Solution: Racing Pattern
The runtimes use a racing pattern to enable sub-second interrupt response:
// Temporal: Race Promise.all against interrupt trigger
const raceResult = await Promise.race([
Promise.all(childPromises).then((results) => ({ type: 'completed', results })),
interruptTrigger.then((reason) => ({ type: 'interrupted', reason })),
]);
if (raceResult.type === 'interrupted') {
// Signal all running children to stop
for (const childId of runningChildren) {
await getExternalWorkflowHandle(childId).signal(INTERRUPT_SIGNAL_NAME, reason);
}
}Per-Runtime Implementation
JS Runtime
Uses AbortSignal linked between parent and children:
// Parent creates controller linked to its own signal
const batchController = new AbortController();
parentAbortSignal.addEventListener('abort', () => batchController.abort());
// Children receive linked signal
const childHandle = await executor.execute(childAgent, input, {
abortSignal: batchController.signal,
});Temporal Runtime
Uses Trigger primitive + external workflow handles:
// Platform adapter sets up interrupt trigger
const interruptTrigger = new Trigger<string>();
setHandler(interruptSignal, (reason) => {
interruptTrigger.resolve(reason); // Wake up immediately
});
// Workflow uses trigger in race
runAgentWorkflow(input, activities, {
interruptTrigger,
getExternalWorkflowHandle: (id) => getExternalWorkflowHandle(id),
});Cloudflare Runtime
Uses an event-based approach for immediate interrupt response:
// Executor sends both flag and event for immediate wake-up
async interrupt(reason: string) {
// Set flag for persistence
await stateStore.setInterruptFlag(runId, reason);
// Send event for immediate wake-up
await instance.sendEvent({ type: `interrupt-${runId}`, payload: { reason } });
}
// Workflow races completion against interrupt event
const result = await Promise.race([
step.waitForEvent(`sub-agent-complete-${subSessionId}`, { timeout: maxWait })
.then(e => ({ type: 'complete', event: e })),
step.waitForEvent(`interrupt-${runId}`, { timeout: maxWait })
.then(e => ({ type: 'interrupt', reason: e.payload?.reason })),
]);
if (result.type === 'interrupt') {
// Propagate to children
for (const child of pendingChildren) {
await stateStore.setInterruptFlag(child.runId, result.reason);
}
throw new InterruptDetectedError(result.reason);
}The event-based approach provides:
- Immediate response: Interrupt events win the race immediately (< 100ms)
- Pre-spawn check: Interrupts are also checked before spawning sub-agents
- No polling overhead: Pure event-driven detection
Propagation Sequence
graph TB
User["User clicks 'Stop'"]
User --> Flag["Parent interrupt flag set"]
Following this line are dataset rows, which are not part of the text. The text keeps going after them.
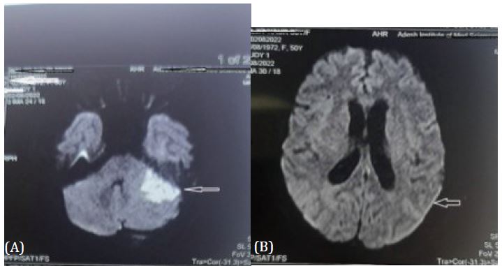 A 50 year female known case of Diabetes Mellitus since 5 years not on any medication presented in emergency with history of fever, altered sensorium and vomiting since one day. She was shifted to ICU. Her Glasgow coma score was 8 (E2V1M5), blood pressure of 130/70 mmHg, heart rate of 110/min and respiratory rate of 24/min. Both pupils were equal in size and normal reaction to light and nuchal rigidity was present. She was intubated due to poor GCS and put on mechanical ventilation. Contrast MRI Brain revealed acute infarct in left middle cerebellar peduncle and left cerebellar hemisphere, periventricular ooze and leptomeningeal enhancement on post contrast FLAIR (Figure 1). Her blood investigations were normal except for leukocytes count of 17500 cells/μL, random blood sugar of 396 and procalcitonin 2.3. Lumbar puncture was done. Cerebrospinal Fluid was turbid yellow and showed protein 274 mg/dl, glucose 23 mg/dl(corresponding blood sugar was 382 mg %) and a total leucocyte count of 280/mm3 (neutrophills - 70%, Lymphocytes – 2%), no organism on gram ZN, Gram staining and KOH prepration. The CSF was also negative for gene expert for Tuberculosis, Polymerase chain reaction for herpes and cryptococcal antigen. She was treated with Monocef and vancomycin after Intravenous dexamethasone, Insulin infusion, intravenous fluids and other supportive treatment. Ear discharge was noted and sent for culture sensitivity. The culture after 24 hours revealed growth of gram-positive organism which later on confirmed to be methicillin resistant Staphylococcus Aureus (MRSA) sensitive to vancomycin. She responded to treatment with normalization of leucocytes and improved her GCS. On day 4, she was conscious oriented to time place and person, weaned from the ventilator and extubated. On day 9th, she was shifted in ward. After 2 weeks of intravenous antibiotlc therapy, she was discharged in stable condition on day 15th.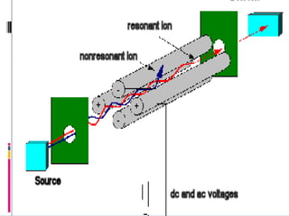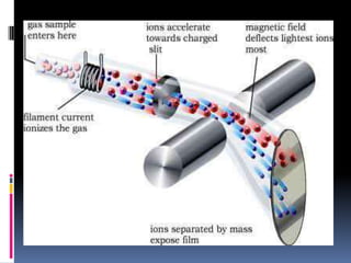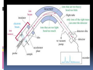 Mass spectrometry is an analytical technique that ionizes chemical species and sorts the ions based on their mass-to-charge ratio. It can provide qualitative and quantitative data about samples on an atomic or molecular level. The document discusses the principle, instrumentation, and applications of mass spectrometry. Key components of mass spectrometers include an ion source, accelerating system, magnetic field, ion separator, ion collector, and vacuum system. Mass spectrometry has applications in structure elucidation, detection of impurities, quantitative analysis, and various clinical and forensic analyses.
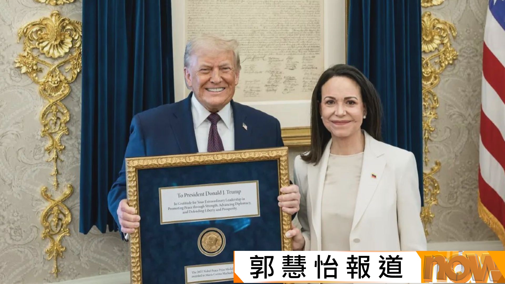 【Now新聞台】委內瑞拉反對派領袖馬查多與美國總統特朗普會面,馬查多透露已將諾貝爾和平獎獎章贈予特朗普。

Flag --> Detect["Parent detects interrupt<br/>(immediate via event)"]
Detect --> Child1["Child 1: interrupt flag set +<br/>parent-interrupted event"]
Detect --> Child2["Child 2: interrupt flag set +<br/>parent-interrupted event"]
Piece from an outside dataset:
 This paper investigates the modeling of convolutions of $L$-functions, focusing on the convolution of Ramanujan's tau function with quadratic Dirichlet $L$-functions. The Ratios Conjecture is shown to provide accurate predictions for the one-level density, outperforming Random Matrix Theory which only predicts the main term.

Detect --> Child3["Child 3: interrupt flag set +<br/>parent-interrupted event"]
Child1 --> Stop["Each child stops at next safe point"]
Child2 --> Stop
Child3 --> Stop
Stop --> Return["Parent returns { status: 'interrupted' }"]Target Latency
| Runtime | Interrupt Detection | Child Signaling | Total |
|---|---|---|---|
| JS | Immediate | Immediate | < 100ms |
| Temporal | Immediate (Trigger) | < 100ms | < 500ms |
| Cloudflare | Immediate (event) | < 100ms | < 200ms |
Lifecycle Hook Guarantees
Sub-agents fire their own lifecycle hooks (onAgentStart, onAgentComplete, onAgentFail) independently from the parent. This is critical for tracing integrations (e.g., Langfuse) that need to emit root spans when a sub-agent completes.
The Problem
Sub-agents share the parent's stream. Without special handling, the sub-agent's onAgentComplete hook would either not fire (if stream finalization is skipped) or would close the parent's stream prematurely.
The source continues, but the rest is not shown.